3. Environments where one could not modify a running user, e.g., on Jenkins pipelines which by default run under Jenkins user and the UID is most probably not the same as UID 1000 which is used in the image.

The source of these issues is that npm_config_prefix is set to /usr/local and npm_config_userconfig is not set at all, so NPM is trying to use HOME folder which in the docker image is set to /. Again, that folder is not writable by any of the users except root, but remember, NPM ignores root user due to https://github.com/npm/cli/blob/37bf6d31bd2f68e661928744833b57dcabbb0d1a/node_modules/@npmcli/promise-spawn/lib/index.js#L13

The only way I found to fix this on Jenkins is set NPM_CONFIG_CACHE to something like /tmp/jenkins/.npm. GitLab/GitHub runners can be fixed in similar manner.

I guess the final fix should be to create .npm cache folder somewhere writable by any user on the docker image, so at least it works by default on CI pipelines. Maybe create some kind of documented folder specified via npm_config_userconfig so anyone can map it and modify the behaviour of a running user.

P.S. Why NPM tries to spawn a process according to permission on current folder in case it is run by the root user is still a mistery to me. It goes against all commons. Programs should not modify running user.

[nschonni]

https://github.com/nodejs/docker-node/blob/main/docs/BestPractices.md#non-root-user

[ViliusS]

https://github.com/nodejs/docker-node/blob/main/docs/BestPractices.md#non-root-user

Yes, I saw that, but this assumes that Docker image can be modified. In a lot of cases, you cannot do that. Free GitLab runners are one such example.

[sasskinn12]

I confirm, the issue is still exist in latest 16.17.1 docker images when we run them on Openshift/Kubernetes. We need to run latest node 16 version images because of security policy we have! Node 16.15.0 Docker image worked before for us just fine. Now something is changed/broken on later releases.

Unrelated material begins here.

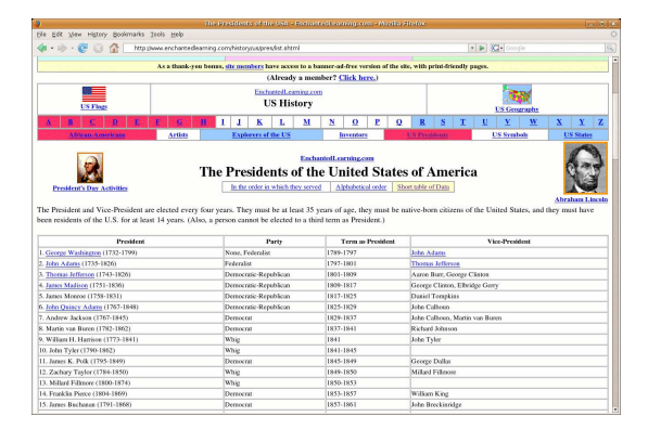
Figure 1: A typical use of the table tag to describe relational data. The relation here has a schema that is never explicitly declared but is obvious to a human observer, consisting of several typed and labeled columns. The navigation bars at the top of the page are also implemented using the table tag, but clearly do not contain relational-style data. WEBTABLES attempts to extract only true relations, including appropriate column labels and types.

structure, the basic unit for reading or processing is the unstructured document itself. However, Web documents often contain large amounts of relational data. For example, the Web page shown in Figure 1 contains a table that lists American presidents<sup>1</sup>. The table has four columns, each with a domain-specific label and type ( e.g. , President is a person name, Term as President is a date range, etc) and there is a tuple of data for each row. Relational operators like selection and projection would make obvious sense on this data. This Web page essentially contains a small relational database, even if it lacks the explicit metadata traditionally associated with a database.

Seems issue is so old already on nowbody cares to fix it 👎

[hannesvdvreken]

cares ro fix it

cares to fix it

[stall84]

So I encountered what I believe is this problem (although not sure of the fix yet). Essentially experiencing the exact same behavior. It's probably the most confounding problem I've ever had to troubleshoot because (and I mean this sincerely) "the compose-up command was working with the image last week, and not today", with literally nothing changed in the dockerfile or compose file .. I started trying to re-build the image as fresh as possible (--no-cache, etc) .. and then just started deleting images off docker desktop as verbose build logging still showed a few layers being "CACHED" but I might misunderstand that as it was referencing the node:18.13-alpine image itself. Anyway.. I was able to get it working both inside the docker desktop GUI (play button/no args) (working btw for us means that NestJS runs the 'start --watch' command (via 'npm run start:dev') starting a NestJS dev server). And then (again without changing a single thing except the final CMD to be "bin/sh" instead of what it was (working with) last week which was ["npm", "run", "start:dev" ] then running 'npm install' again which updated 0 things (as there is already that command further up in the dockerfile.. but just to be sure ran it again .. then ran 'npm run start:dev' and lo and behold it started the nest dev server like it did last week.. without changing anything other than deleting old images using node:18.13-alpine off my system

To add more context as one person mentioned in their reply: The docker compose that ran (and worked last week but not today) did create a volume to the pwd (the app directory) and so I assume there would be node_modules in that mount as my local machine is the 'root' for this project's initial build and docker development environment creation

So here I am more confused than at the start as to what in the heck is going on here.. and can't wait for one of the other devs to have the same problem so I can say "oh yeah .. just start deleting things and starting them and clicking.. it eventually works again"

[carloliwanag]

I also encountered this issue when building an Angular+nginx image. What worked for me is I included the package-lock.json to the Dockerfile.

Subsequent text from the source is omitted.